Per questo Fossil Free Culture NL è nato come gruppo di donne immigrate e di colore. In “KEEP DANCING”, la performance organizzata a novembre 2020 davanti al Nemo -la quattordicesima da quando è nato il movimento- le artiste hanno letto e interpretato le parole del poeta e attivista Ken Saro-Wiwa, vincitore del Goldman Environmental Prize nel 1995, lo stesso anno in cui fu condannato a morte insieme ad altri otto compagni (da qui Ogoni Nine) con la complicità della Shell la quale, in seguito a una causa avviata nel 1996, ha poi patteggiato nel 2009 un risarcimento da 15 milioni di dollari alle famiglie delle vittime.

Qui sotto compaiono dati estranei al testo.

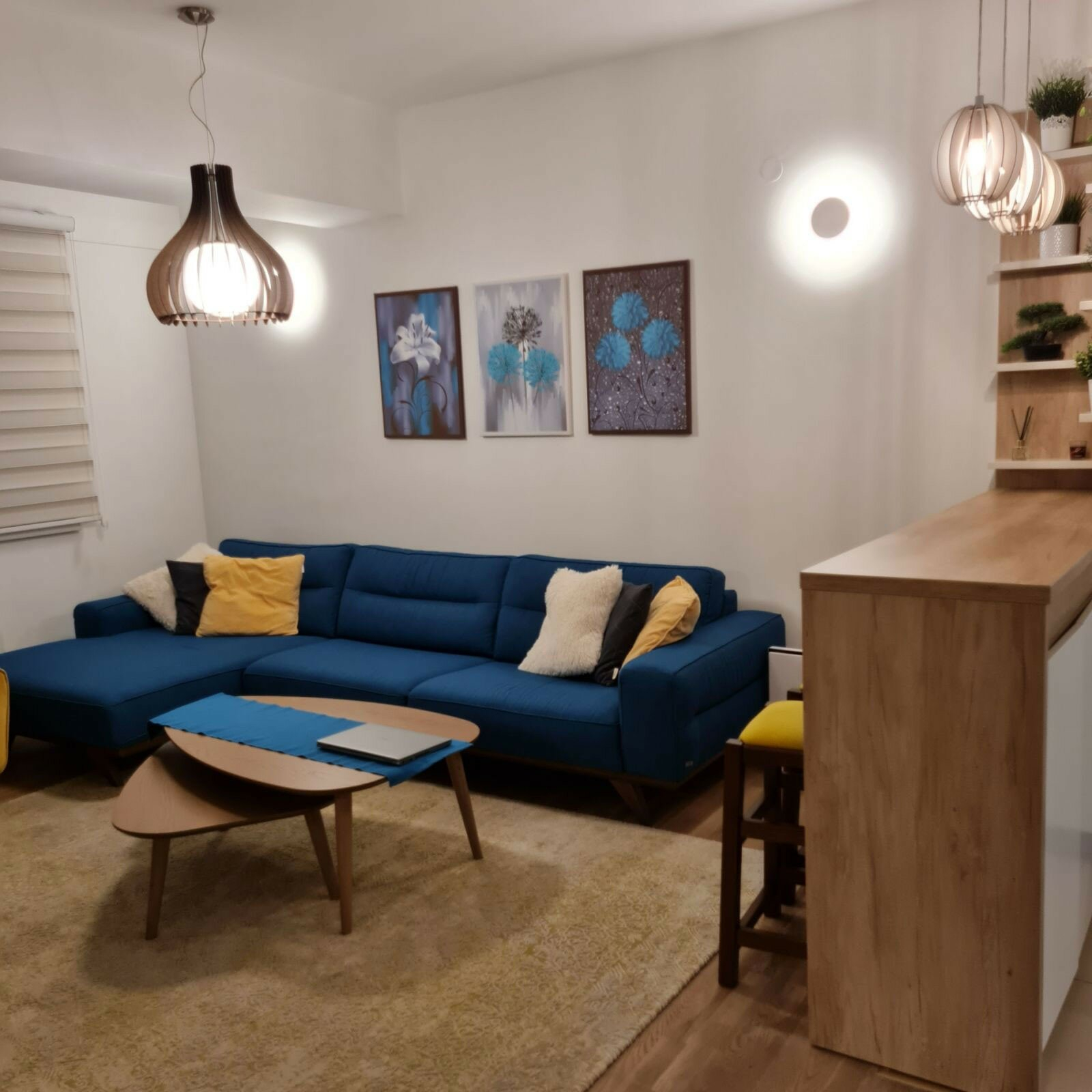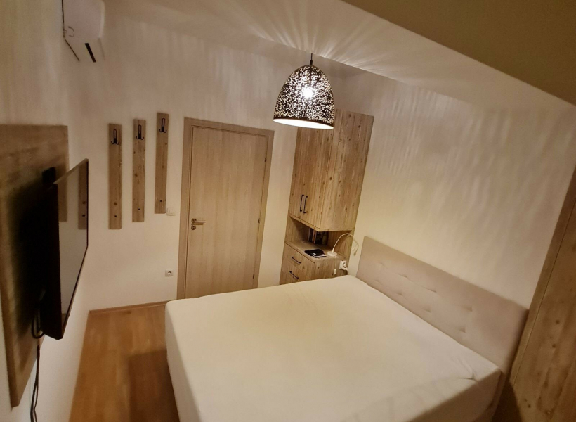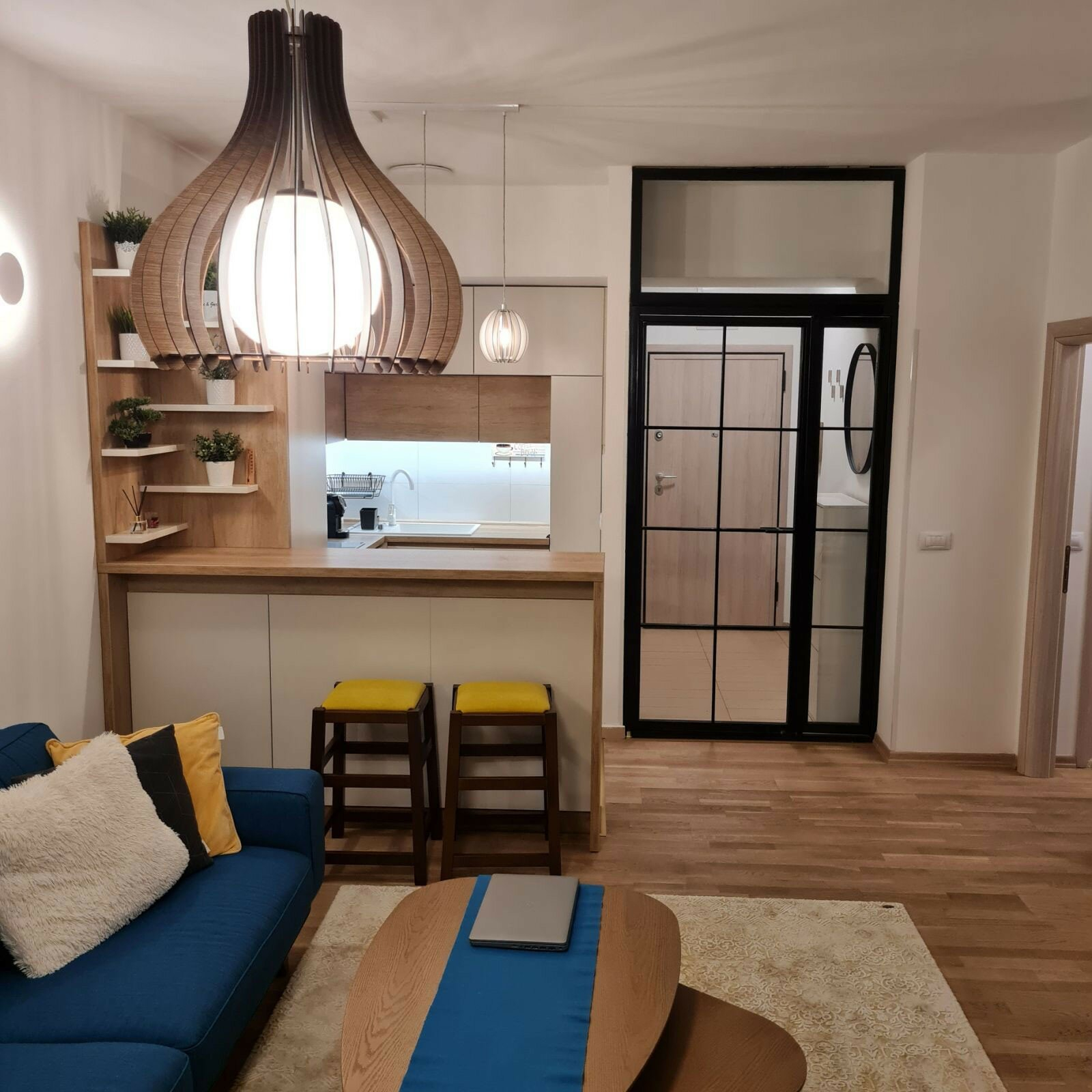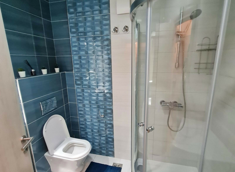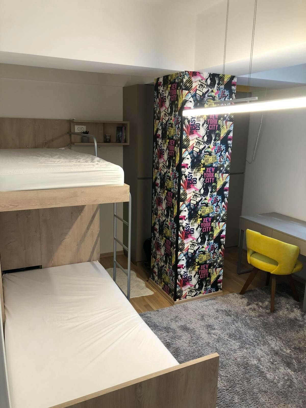 The apartment has a living room, kitchen and dining room, two bedrooms, bathroom and toilet.
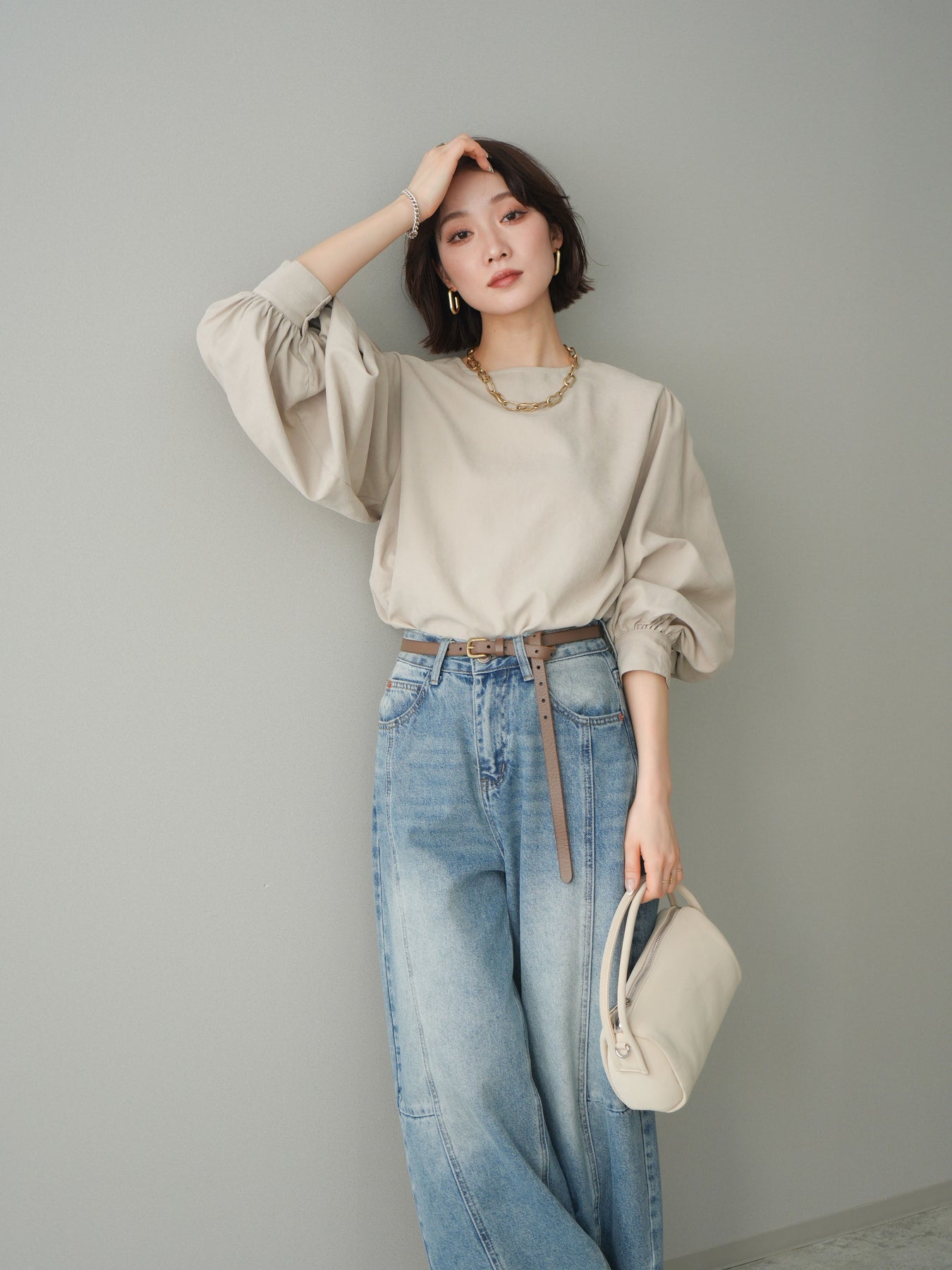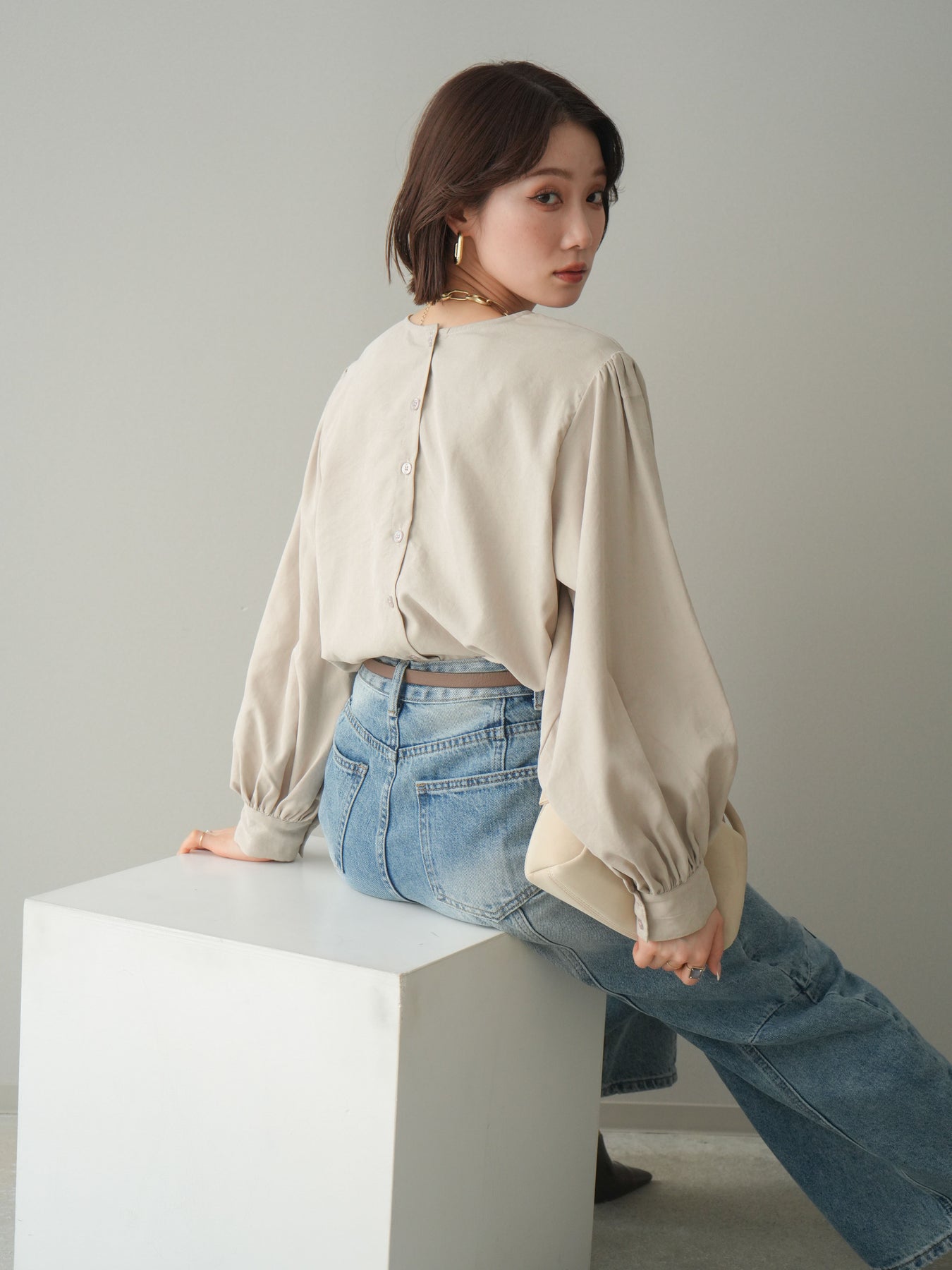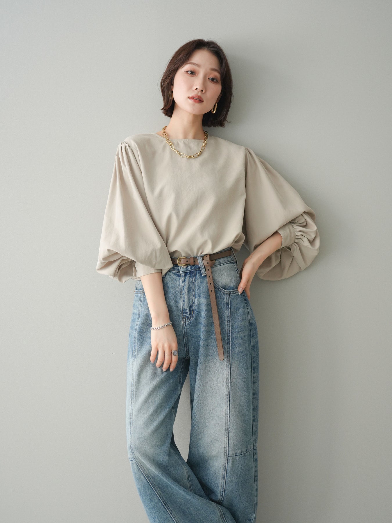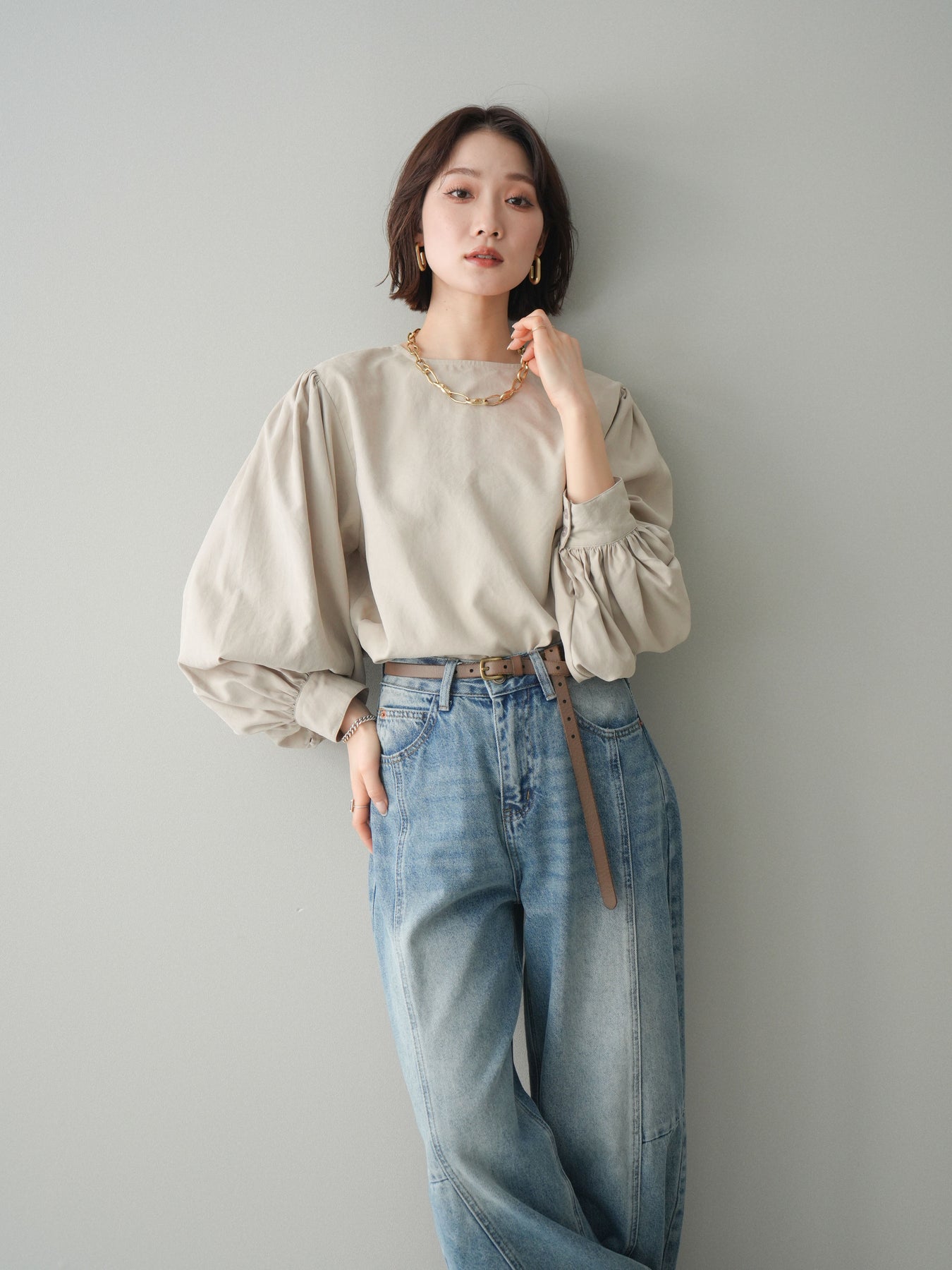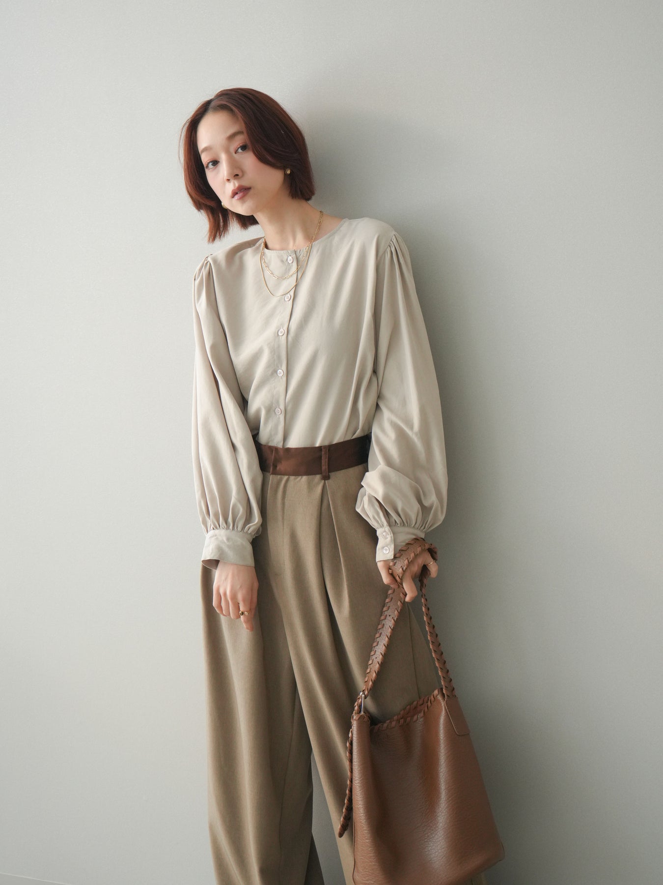 [予約]2WAYピーチスキンボリュームスリーブブラウス/greige

La performance “KEEP DANCING”, organizzata il 10 novembre 2020 di fronte al Nemo Science Museum. Le artiste e gli artisti del collettivo hanno tenuto in mano fiaccole accese per ricordare i nove attivisti nigeriani impiccati nel 1995 per avere protestato contro i progetti di Shell nel Paese © Alex Bleu

“La lotta al cambiamento climatico non può essere separata dalla lotta contro il razzismo, la disuguaglianza, l’ingiustizia, lo sfruttamento e l’oppressione”, precisa FFC-NL nel suo manifesto. “Il razzismo climatico è un problema enorme. Siamo consapevoli dei nostri pregiudizi e della contaminazione razzista e stiamo cercando passo dopo passo di liberarcene prima che distrugga il nostro movimento”. Per questo oggi FFC-NL si presenta come un movimento non solo femminista, ma anche queer e intersezionale.

Dopo Nemo la lista delle istituzioni culturali sovvenzionate da Shell è ancora lunga. I prossimi obiettivi riguarderanno il Rijksmuseum Boerhaave di Leida, dedicato al progresso scientifico-tecnologico dei Paesi Bassi, e poi il Drents Museum di Assen e il Groninger Museum, entrambi sovvenzionati non solo da Shell ma anche da ExxonMobil, tra le principali compagnie petrolifere statunitensi che opera sul mercato europeo col marchio Esso.

Intanto alle proteste contro Shell di FFC-NL si aggiungono le voci di 17.379 cittadini olandesi, raccolte dall’organizzazione ambientalista Milieudefensie (Friends of the Earth NL) e presentate davanti al tribunale dell’Aia. Il processo contro Shell si è aperto il primo dicembre 2020 e la compagnia petrolifera è accusata di violare gli articoli 2 e 8 della Convenzione europea sui diritti umani che tutelano il diritto alla vita e il diritto al rispetto della vita privata e familiare: il dossier che Milieudefensie ha presentato in tribunale intende dimostrare che Shell sta ignorando l’Accordo di Parigi, mettendo a rischio la vita dei cittadini. La sentenza è attesa nei primi mesi del 2021 e in caso di vittoria degli ambientalisti Shell sarà costretta a rallentare i ritmi attuali di estrazione di petrolio e gas. Anche se il colosso dovesse ricorrere in appello, questa prima sentenza potrebbe innescare numerosi procedimenti giudiziari simili in tutto il mondo, verso altre compagnie petrolifere.